HOW TO COMPLETE THIS TASK -
What you return should be the complete data below, word for word, with no pictures in it.

DATASET CONTENT -
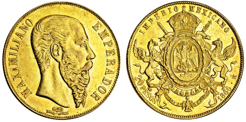 (g) Mexico, Maximilian (1864-67), Mexico city, 20-Pesos, 1866, head right, rev. arms (F.62; KM.389), very slight edge bruise at 11 o'clock, extremely fine
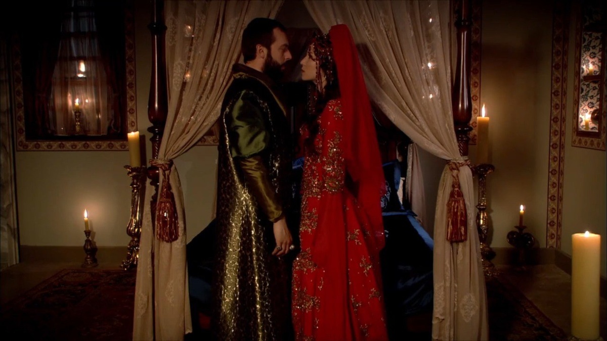Давайте вспомним одни из самых запоминающихся образов невест из любимого турецкого сериала и рассмотрим их подробнее! А в конце вы напишите, какой из образов понравился вам больше всего. Договорились? Поехали! Конечно же, мы начинаем с образа Хатидже! Она - любимая сестра султана и ее долгожданная и провокационная свадьба показана в сериале раньше других и особенно подробно, так что ее образ как невесты первым приходит на ум. И первая ассоциация - total red. Образ Хатидже полностью красный, что, на мой взгляд, абсолютно не соответствует ее нежной натуре. В светлых легких нарядах она всегда смотрелась лучше, но, поскольку свадебное платье красного цвета - это древняя османская традиция, ничего не поделаешь! Главный акцент образа - необычная красная корона, с которой свисают множество нитей с красными бусинами. Именно эта корона так запала нам в душу, что этот образ запомнился сильнее всех остальных. Султан дарит сестре на свадьбу украшения - колье и серьги с тюльпанами, которые являются
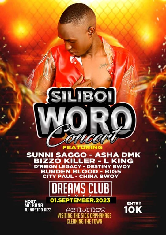 The concert named after Siliboi's recently released classic music video Woro that has received a very tremendous reception on YouTube has a full line up of vibrant Performers inclusive of Sunni Saggo, the Original singer Asha DMK, Bizzo killer, L. King, Destiny Bwoy, City Paul among others.

SOLUTION BELOW -
 (g) Mexico, Maximilian (1864-67), Mexico city, 20-Pesos, 1866, head right, rev. arms (F.62; KM.389), very slight edge bruise at 11 o'clock, extremely fine
Давайте вспомним одни из самых запоминающихся образов невест из любимого турецкого сериала и рассмотрим их подробнее! А в конце вы напишите, какой из образов понравился вам больше всего. Договорились? Поехали! Конечно же, мы начинаем с образа Хатидже! Она - любимая сестра султана и ее долгожданная и провокационная свадьба показана в сериале раньше других и особенно подробно, так что ее образ как невесты первым приходит на ум. И первая ассоциация - total red. Образ Хатидже полностью красный, что, на мой взгляд, абсолютно не соответствует ее нежной натуре. В светлых легких нарядах она всегда смотрелась лучше, но, поскольку свадебное платье красного цвета - это древняя османская традиция, ничего не поделаешь! Главный акцент образа - необычная красная корона, с которой свисают множество нитей с красными бусинами. Именно эта корона так запала нам в душу, что этот образ запомнился сильнее всех остальных. Султан дарит сестре на свадьбу украшения - колье и серьги с тюльпанами, которые являются
 The concert named after Siliboi's recently released classic music video Woro that has received a very tremendous reception on YouTube has a full line up of vibrant Performers inclusive of Sunni Saggo, the Original singer Asha DMK, Bizzo killer, L. King, Destiny Bwoy, City Paul among others.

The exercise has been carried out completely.